PAI-1 is a member of the serine protease inhibitor superfamily that regulates the fibrinolytic system through inhibition of tissue plasminogen activator and urokinase-type plasminogen activator, and it is considered the main inhibitor of fibrinolysis (47). Elevated plasma levels of PAI-1 have been associated with obesity, the metabolic syndrome and cardiovascular disease. PAI-1 is produced by a variety of cells contained in adipose tissue: pre-adipocytes, mature adipocytes, stromal cells, endothelial cells, smooth muscle cells and macrophages (48); and therefore PAI-1 levels directly correlate with cIMT both in young and adult obese subjects (49). Moreover, high circulating concentrations of PAI-1, together with insulin resistance and the presence of the metabolic syndrome, predicted higher cIMT and/or carotid atherosclerotic plaque (50). We previously reported a decrease in PAI-1 after obesity surgery in women, but failed to demonstrate a correlation with the decrease in cIMT (17). Conversely, our present data show that in men, PAI-1 decreases after both RYGB and SG and it is associated with the decrease in cIMT after surgery.
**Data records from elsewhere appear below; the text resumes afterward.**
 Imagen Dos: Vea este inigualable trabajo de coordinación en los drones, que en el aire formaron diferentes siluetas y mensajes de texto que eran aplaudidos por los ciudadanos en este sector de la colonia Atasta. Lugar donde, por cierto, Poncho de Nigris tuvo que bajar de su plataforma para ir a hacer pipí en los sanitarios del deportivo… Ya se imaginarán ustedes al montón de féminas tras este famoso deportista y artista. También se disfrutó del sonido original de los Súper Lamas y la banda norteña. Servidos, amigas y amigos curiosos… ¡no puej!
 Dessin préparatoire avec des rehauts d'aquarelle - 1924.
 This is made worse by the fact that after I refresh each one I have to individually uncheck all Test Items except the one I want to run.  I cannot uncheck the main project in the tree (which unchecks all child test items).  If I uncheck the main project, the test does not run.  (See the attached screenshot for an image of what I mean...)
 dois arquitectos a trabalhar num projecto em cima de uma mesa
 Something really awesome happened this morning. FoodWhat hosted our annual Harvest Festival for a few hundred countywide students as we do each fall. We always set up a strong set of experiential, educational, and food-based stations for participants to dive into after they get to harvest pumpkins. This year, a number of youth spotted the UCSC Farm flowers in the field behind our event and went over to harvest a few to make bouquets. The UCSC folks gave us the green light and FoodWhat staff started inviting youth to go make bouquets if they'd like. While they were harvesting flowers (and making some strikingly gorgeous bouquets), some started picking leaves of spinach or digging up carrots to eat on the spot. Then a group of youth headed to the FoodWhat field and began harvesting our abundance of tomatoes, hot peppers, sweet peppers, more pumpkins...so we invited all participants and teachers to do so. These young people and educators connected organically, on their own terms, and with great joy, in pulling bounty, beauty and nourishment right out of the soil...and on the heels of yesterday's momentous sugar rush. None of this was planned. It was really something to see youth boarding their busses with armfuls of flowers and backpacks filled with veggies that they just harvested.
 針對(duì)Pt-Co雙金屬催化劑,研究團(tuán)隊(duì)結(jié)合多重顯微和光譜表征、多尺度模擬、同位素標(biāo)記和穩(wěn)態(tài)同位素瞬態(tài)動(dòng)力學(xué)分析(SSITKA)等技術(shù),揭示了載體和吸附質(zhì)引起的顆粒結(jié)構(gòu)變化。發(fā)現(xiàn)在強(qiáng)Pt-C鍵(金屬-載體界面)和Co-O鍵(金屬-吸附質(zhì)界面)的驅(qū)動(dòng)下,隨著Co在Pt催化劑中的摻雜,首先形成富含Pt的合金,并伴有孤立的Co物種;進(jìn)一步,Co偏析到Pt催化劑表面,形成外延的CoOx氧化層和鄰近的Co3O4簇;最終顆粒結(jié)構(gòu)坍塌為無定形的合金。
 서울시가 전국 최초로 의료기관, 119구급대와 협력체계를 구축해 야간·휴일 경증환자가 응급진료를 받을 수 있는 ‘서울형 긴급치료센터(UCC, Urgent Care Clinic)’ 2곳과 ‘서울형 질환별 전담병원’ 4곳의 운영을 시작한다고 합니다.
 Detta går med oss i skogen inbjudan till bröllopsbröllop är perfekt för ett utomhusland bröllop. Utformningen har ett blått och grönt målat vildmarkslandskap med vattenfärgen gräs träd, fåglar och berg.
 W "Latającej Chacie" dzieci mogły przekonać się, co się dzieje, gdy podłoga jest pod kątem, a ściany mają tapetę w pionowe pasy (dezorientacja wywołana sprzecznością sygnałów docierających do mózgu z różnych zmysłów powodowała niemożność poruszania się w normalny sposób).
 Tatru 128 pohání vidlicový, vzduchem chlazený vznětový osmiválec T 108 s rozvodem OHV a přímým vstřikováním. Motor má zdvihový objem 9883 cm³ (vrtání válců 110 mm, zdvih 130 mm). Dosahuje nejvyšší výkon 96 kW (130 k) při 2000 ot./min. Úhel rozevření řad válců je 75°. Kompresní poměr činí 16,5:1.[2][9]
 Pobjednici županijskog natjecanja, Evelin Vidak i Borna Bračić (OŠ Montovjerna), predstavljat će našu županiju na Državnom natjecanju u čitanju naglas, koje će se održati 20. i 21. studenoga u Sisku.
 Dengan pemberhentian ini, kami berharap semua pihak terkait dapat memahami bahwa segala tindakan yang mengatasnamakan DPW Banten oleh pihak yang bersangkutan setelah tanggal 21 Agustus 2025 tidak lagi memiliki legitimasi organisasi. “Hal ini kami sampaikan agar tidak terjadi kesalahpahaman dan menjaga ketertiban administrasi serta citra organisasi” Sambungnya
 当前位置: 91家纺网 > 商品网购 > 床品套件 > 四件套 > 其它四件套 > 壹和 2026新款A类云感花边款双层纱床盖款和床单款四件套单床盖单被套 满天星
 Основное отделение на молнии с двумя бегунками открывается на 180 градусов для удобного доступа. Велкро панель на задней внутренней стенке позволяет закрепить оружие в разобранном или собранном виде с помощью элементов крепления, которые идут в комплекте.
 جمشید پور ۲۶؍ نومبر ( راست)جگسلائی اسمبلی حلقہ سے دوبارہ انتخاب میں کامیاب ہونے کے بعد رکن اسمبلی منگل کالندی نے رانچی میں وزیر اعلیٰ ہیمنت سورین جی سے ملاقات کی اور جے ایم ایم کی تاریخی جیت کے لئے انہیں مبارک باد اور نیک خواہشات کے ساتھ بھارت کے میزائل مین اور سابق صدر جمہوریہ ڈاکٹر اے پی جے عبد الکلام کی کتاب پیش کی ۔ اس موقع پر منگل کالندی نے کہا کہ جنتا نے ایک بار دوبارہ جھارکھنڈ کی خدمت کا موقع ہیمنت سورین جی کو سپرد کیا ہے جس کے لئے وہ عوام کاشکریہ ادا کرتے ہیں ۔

Our present study has the major limitation of the lack of randomization in the allocation of the patients to the different groups of interventions. In addition, the generalizability of the results is limited because we here evaluated the patients after a short-term period of 6 months, so long-term beneficial effects of obesity surgery on cIMT and cardiovascular events could not be evaluated.
In conclusion, both RYGB and SG induce an amelioration of inflammation and endothelial dysfunction that drives a decrease in cIMT compared to men with obesity submitted to diet and exercise. Although circulating testosterone was inversely correlated with this decrease in cIMT, multivariate analysis did not confirm this finding.